2. The method according to claim 1, wherein said encrypting method further includes the steps of: d) causing a transmission of said ciphertext to a receiver; and e) causing a transmission of said encrypted message to said receiver.
3. The method according to claim 1, wherein said decrypting method further includes a step of: prior to step a1), receiving said encrypted message and said ciphertext.
4. The method according to claim 1, wherein said method is embodied in machine readable and machine executable code stored on a non-transitory computer readable medium wherein, when said machine executable code is executed, said method is implemented.
5. A system for encryption/decryption of a message, the system comprising: a random data source sampler for sampling a random data source to produce a pair of correlated samples; an encapsulation module for receiving a first one of said pair of correlated samples and for generating a symmetric key and a ciphertext using said first one of said pair of correlated samples; a decapsulation module for recovering said symmetric key using said ciphertext and a second one of said pair of correlated samples; an encryption module for encrypting said message to produce an encrypted message, said encrypted message being encrypted using said symmetric key; a decryption module for decrypting said encrypted message, said encrypted message being decrypted using said symmetric key after said symmetric key has been recovered by said decapsulation module.
6. The system according to claim 5, further comprising at least one communications module for transmitting/receiving said messages to and from opposite ends of a communications link.
Description
BRIEF DESCRIPTION OF THE DRAWINGS
(1) The embodiments of the present invention will now be described by reference to the following figures, in which identical reference numerals in different figures indicate identical elements and in which:
(2)
(3)
(4)
(5)
(6)
DETAILED DESCRIPTION
(7) To better understand the present invention, the reader is directed to the listing of citations at the end of this description. For ease of reference, these citations and references have been referred to by their listing number throughout this document. The contents of the citations in the list at the end of this description are hereby incorporated by reference herein in their entirety.

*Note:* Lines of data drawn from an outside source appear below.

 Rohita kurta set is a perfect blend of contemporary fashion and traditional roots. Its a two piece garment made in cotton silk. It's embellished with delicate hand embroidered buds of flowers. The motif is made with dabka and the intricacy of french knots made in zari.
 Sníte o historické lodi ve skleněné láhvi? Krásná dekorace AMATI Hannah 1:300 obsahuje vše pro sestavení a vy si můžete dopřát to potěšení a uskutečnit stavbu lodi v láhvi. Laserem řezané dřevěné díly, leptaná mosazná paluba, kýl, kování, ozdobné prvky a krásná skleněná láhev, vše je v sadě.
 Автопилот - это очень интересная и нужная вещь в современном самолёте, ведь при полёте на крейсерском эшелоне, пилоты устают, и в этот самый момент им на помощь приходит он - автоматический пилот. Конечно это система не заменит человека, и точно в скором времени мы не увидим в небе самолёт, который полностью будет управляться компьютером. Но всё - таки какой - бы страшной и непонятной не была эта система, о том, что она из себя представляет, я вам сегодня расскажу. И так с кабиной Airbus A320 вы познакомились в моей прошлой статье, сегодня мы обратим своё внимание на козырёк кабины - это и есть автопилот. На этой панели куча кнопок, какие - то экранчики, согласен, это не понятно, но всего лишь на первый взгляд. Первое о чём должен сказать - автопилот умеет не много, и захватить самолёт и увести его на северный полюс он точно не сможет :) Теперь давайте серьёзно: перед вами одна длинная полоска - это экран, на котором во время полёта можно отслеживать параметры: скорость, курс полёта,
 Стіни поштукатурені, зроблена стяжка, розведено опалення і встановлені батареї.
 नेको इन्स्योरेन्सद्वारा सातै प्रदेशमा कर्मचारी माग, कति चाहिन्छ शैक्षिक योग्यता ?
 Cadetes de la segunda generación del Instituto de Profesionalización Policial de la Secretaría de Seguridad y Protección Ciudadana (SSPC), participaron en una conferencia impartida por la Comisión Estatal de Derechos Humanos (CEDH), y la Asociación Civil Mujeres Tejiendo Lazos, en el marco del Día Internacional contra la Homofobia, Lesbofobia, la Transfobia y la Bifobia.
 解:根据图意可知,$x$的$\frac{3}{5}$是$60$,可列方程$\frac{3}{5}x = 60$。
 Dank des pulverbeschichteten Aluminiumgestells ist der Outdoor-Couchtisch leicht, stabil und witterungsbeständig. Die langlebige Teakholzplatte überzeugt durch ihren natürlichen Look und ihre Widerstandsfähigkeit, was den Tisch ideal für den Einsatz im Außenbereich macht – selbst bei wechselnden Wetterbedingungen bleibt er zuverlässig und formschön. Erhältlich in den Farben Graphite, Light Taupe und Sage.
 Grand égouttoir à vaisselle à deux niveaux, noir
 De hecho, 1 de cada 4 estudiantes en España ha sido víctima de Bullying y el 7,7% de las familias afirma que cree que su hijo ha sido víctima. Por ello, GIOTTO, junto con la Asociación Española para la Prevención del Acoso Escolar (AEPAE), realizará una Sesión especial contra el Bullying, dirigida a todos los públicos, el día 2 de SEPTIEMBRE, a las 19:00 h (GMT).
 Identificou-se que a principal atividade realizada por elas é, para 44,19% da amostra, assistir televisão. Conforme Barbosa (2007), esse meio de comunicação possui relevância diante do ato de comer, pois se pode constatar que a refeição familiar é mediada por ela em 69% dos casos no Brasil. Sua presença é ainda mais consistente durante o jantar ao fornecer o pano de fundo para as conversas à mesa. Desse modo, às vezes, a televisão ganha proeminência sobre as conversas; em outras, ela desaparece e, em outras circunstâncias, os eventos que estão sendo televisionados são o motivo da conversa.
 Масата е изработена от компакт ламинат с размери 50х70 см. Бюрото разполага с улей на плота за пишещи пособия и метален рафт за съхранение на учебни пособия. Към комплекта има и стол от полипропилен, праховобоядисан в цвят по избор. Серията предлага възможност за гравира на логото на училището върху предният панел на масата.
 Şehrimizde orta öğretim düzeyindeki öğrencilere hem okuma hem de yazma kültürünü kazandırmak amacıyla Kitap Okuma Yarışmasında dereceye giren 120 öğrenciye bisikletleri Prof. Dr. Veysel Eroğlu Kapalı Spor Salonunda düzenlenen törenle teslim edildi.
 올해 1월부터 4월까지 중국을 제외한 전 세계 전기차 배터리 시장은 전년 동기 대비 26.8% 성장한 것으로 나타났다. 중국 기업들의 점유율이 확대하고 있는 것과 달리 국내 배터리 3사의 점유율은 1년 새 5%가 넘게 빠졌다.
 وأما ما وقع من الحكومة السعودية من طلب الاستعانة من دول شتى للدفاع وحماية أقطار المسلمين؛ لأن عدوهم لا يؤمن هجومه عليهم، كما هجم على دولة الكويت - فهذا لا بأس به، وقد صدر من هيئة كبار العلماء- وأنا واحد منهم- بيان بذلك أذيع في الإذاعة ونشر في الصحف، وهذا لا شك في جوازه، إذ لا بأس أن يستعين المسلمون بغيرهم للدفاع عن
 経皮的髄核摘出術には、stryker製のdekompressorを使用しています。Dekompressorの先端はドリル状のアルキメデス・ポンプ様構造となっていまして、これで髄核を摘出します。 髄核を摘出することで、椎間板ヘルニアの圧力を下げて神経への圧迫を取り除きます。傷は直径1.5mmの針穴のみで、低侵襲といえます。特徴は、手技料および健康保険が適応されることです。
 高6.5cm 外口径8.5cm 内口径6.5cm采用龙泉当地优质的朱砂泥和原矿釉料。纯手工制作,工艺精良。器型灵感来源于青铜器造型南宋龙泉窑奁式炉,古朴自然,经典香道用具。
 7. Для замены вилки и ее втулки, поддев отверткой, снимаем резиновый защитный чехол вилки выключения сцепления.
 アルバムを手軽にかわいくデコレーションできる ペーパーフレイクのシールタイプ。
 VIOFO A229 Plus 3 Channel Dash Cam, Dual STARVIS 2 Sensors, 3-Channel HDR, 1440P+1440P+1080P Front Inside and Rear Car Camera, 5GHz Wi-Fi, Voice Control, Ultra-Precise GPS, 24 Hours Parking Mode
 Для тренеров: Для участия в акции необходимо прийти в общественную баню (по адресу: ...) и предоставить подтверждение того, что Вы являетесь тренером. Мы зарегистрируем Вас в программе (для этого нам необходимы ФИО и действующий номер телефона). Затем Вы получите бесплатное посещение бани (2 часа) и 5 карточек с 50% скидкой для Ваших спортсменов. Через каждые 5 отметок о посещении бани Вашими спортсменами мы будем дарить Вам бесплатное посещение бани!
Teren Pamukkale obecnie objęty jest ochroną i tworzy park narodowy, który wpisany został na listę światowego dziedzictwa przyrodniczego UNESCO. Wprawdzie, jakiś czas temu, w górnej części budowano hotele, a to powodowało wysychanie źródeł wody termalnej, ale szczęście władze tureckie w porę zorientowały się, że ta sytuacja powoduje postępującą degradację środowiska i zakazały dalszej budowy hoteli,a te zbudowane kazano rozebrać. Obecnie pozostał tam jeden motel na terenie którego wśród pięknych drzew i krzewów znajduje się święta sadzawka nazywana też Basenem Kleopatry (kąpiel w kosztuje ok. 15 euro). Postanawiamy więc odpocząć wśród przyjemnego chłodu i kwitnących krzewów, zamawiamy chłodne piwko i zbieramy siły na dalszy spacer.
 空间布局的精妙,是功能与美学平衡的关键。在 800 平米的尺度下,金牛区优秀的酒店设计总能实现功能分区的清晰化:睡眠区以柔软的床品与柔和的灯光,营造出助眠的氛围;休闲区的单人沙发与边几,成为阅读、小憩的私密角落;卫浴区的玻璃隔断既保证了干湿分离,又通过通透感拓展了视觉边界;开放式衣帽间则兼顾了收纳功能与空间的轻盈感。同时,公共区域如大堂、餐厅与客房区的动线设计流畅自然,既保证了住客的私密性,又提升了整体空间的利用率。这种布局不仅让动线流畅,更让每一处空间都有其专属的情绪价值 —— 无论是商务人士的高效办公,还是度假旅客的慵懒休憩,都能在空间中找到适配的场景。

(8) The present invention relates to an encryption/decryption scheme that uses a random data source that produces pairs of correlated samples that are made available respectively to sender and receiver and which can be used to generate a symmetric key for encrypting/decrypting communications between the sender and receiver. To generate the symmetric key, the sender uses an individual sample X (the first one of a pair of correlated samples) that is sampled from the random data source (i.e., a private input from the sender). This results in a ciphertext C and the symmetric key K. The symmetric key K is then used to encrypt the plaintext to be transmitted to the receiver. The encrypted message can then be transmitted to the receiver along with the ciphertext C. Once received by the receiver, the receiver then retrieves the symmetric key K by using the ciphertext C and his own individual sample Y (the second one of the pair of correlated samples) from the random data source (i.e., his own private input). The retrieved symmetric key K is then used to decrypt the encrypted message from the sender.
(9) In the following discussion, the parties in communication may be referred to as Alice, Bob, and Eve, with Alice being the sender, Bob being the receiver, and Eve being an eavesdropper to the communications between the sender and the receiver.
(10) It should be clear that the random data source produces a joint distribution and, while the random data source is theoretically public, the samples are private inputs for the users (i.e., the sender and receiver). The present invention's scheme allows a sender and a receiver to use their samples of correlated randomness (from the random data source) and by the sender sending a single message to the receiver, obtain a shared key that is secure against an eavesdropper (e.g., a wiretapper) with the side information that is represented by its initial random sample.
(11) In other words, the present invention samples a public distribution P.sub.XYZ and gives the samples X, Y, and Z to Alice, Bob and Eve, respectively. This setting is known as the satellite setting [R4], where a satellite broadcasts a random beacon that is received by protocol parties through their (independent) noisy channels. In one embodiment of the present invention, a one-way two-party key agreement in which Alice sends a single message to Bob is used as a KEM, which together with a DEM can provide a hybrid encryption scheme with post-quantum security. Intuitively, using an information-theoretically secure KEM will establish a key whose security will not depend on the computational power of the adversary, and since the DEM component that is implemented using an algorithm such as AES-256, will be safe against quantum computers, the combination of the two will provide post-quantum security.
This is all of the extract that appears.